▸ **Data for this exercise**
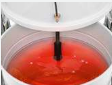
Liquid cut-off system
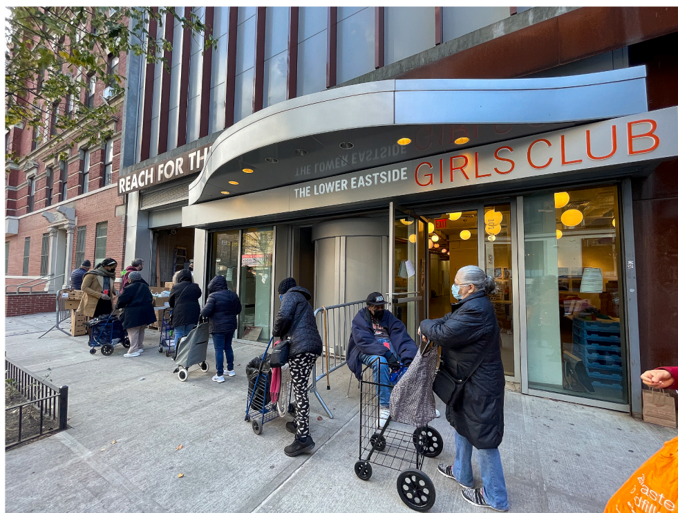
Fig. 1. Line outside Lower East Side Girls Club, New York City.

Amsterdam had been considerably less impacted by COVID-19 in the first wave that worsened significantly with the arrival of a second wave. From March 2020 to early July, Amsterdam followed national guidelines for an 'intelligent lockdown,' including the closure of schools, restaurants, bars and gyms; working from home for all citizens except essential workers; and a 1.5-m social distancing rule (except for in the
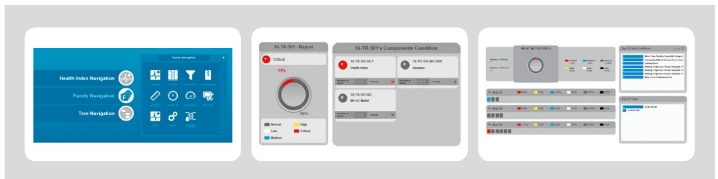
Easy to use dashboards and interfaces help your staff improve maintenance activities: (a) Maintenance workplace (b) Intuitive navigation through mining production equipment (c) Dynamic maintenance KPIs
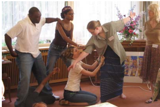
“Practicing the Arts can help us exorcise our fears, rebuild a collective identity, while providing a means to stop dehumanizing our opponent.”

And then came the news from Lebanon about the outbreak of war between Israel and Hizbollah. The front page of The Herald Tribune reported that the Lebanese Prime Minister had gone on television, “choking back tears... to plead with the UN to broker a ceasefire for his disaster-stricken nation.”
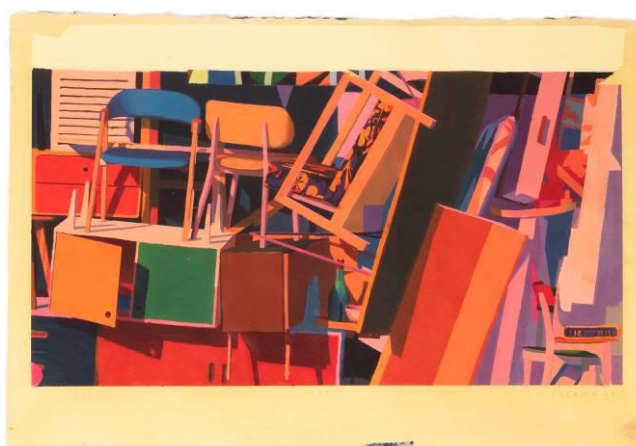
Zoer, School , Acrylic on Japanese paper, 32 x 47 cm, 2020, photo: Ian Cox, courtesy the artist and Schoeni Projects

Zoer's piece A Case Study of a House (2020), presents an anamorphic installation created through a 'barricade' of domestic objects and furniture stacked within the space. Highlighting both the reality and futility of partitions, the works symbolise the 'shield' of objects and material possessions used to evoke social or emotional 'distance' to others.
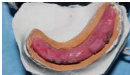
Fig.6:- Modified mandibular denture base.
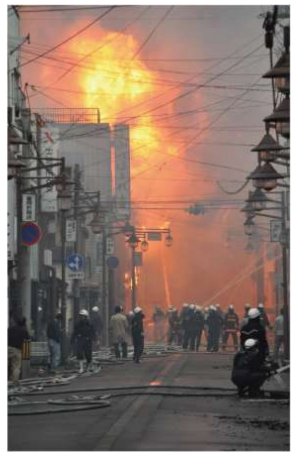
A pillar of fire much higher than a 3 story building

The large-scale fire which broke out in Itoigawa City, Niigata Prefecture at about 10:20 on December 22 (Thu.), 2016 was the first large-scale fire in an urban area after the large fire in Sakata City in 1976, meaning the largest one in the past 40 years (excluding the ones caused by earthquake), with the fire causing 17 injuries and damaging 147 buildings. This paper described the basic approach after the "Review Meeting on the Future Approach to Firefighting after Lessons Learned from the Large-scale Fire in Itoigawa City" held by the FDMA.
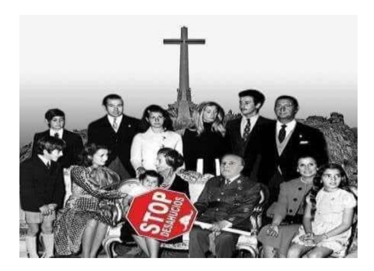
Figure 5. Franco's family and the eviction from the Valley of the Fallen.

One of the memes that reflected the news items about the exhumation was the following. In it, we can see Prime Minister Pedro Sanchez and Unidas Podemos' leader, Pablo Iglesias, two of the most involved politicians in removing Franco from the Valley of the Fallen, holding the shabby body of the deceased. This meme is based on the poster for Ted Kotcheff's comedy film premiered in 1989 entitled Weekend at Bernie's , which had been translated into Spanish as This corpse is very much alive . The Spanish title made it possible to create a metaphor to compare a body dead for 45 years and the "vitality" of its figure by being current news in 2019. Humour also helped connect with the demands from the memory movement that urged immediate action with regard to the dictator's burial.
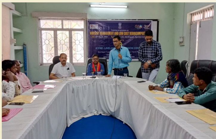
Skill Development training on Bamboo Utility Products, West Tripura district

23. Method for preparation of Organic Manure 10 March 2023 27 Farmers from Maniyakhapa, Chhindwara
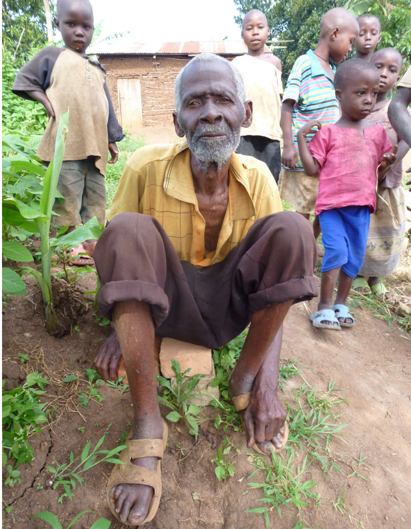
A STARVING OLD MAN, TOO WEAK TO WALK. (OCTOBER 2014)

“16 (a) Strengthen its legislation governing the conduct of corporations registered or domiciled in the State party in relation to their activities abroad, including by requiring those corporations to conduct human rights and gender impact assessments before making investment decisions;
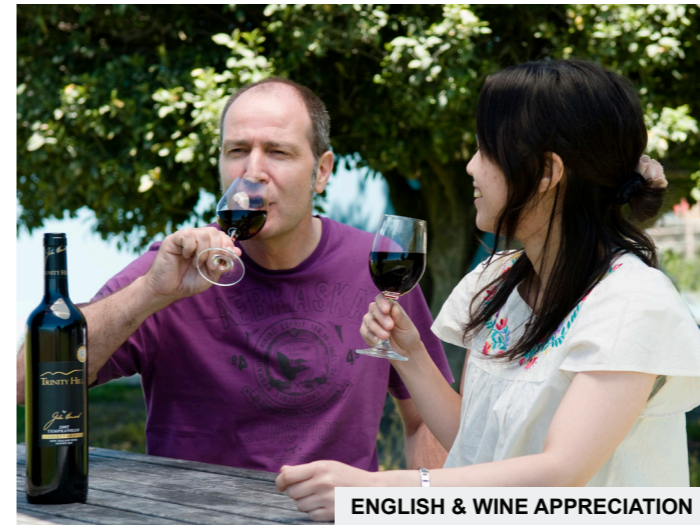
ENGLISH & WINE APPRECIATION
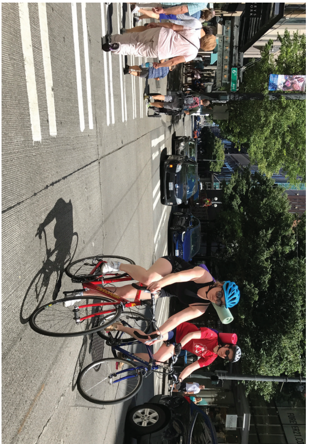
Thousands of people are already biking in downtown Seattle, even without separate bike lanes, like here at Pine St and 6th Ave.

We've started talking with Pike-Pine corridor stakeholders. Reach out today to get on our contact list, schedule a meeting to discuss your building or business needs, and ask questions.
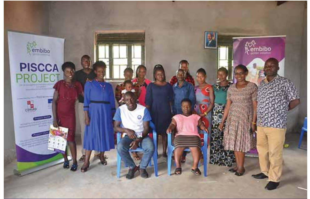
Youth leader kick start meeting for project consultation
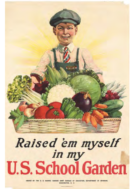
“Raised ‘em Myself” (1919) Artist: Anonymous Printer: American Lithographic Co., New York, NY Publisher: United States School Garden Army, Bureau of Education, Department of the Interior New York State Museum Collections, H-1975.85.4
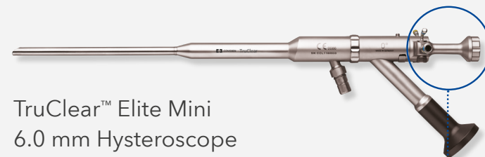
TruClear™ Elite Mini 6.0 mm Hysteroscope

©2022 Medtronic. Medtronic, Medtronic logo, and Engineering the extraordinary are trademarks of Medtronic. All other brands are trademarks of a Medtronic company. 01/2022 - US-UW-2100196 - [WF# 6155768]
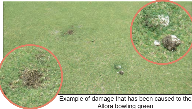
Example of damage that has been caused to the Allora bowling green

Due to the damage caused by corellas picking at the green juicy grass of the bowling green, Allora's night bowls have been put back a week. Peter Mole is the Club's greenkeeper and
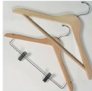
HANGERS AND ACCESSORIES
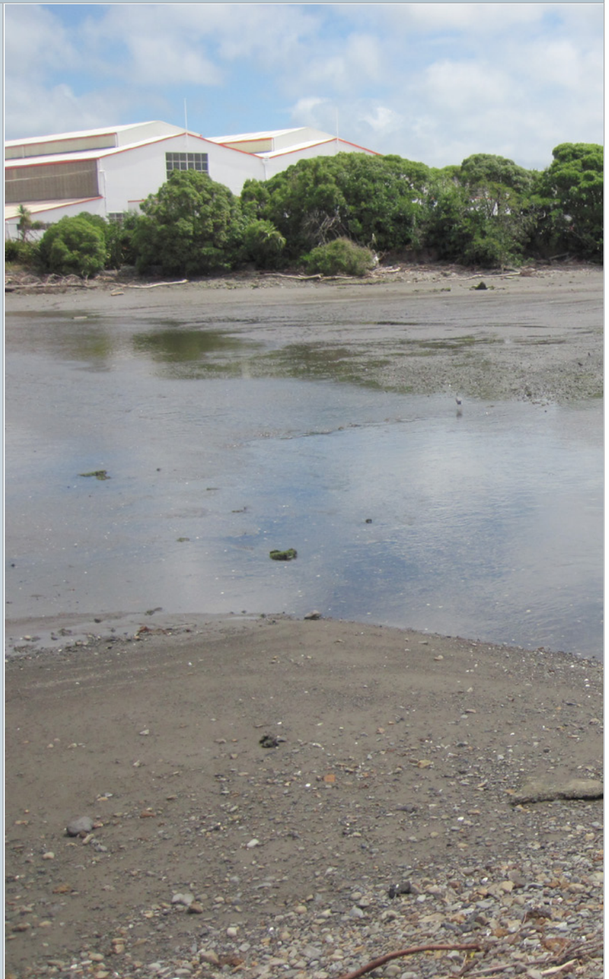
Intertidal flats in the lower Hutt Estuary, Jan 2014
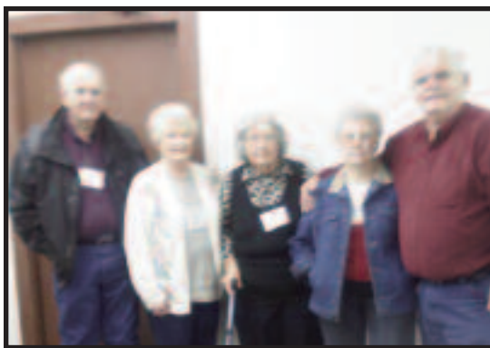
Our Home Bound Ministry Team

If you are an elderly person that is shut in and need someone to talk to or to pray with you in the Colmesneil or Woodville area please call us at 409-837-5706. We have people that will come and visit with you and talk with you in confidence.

▸ **Requirement**
Starting with the line that contains "And then came" and finishing with the line that contains "Figure 5. Franco's", reproduce every line of the material above exactly, but not the pictures.

▸ **Output for this exercise**
And then came the news from Lebanon about the outbreak of war between Israel and Hizbollah. The front page of The Herald Tribune reported that the Lebanese Prime Minister had gone on television, “choking back tears... to plead with the UN to broker a ceasefire for his disaster-stricken nation.”
Zoer, School , Acrylic on Japanese paper, 32 x 47 cm, 2020, photo: Ian Cox, courtesy the artist and Schoeni Projects

Zoer's piece A Case Study of a House (2020), presents an anamorphic installation created through a 'barricade' of domestic objects and furniture stacked within the space. Highlighting both the reality and futility of partitions, the works symbolise the 'shield' of objects and material possessions used to evoke social or emotional 'distance' to others.
Fig.6:- Modified mandibular denture base.
A pillar of fire much higher than a 3 story building

The large-scale fire which broke out in Itoigawa City, Niigata Prefecture at about 10:20 on December 22 (Thu.), 2016 was the first large-scale fire in an urban area after the large fire in Sakata City in 1976, meaning the largest one in the past 40 years (excluding the ones caused by earthquake), with the fire causing 17 injuries and damaging 147 buildings. This paper described the basic approach after the "Review Meeting on the Future Approach to Firefighting after Lessons Learned from the Large-scale Fire in Itoigawa City" held by the FDMA.
Figure 5. Franco's family and the eviction from the Valley of the Fallen.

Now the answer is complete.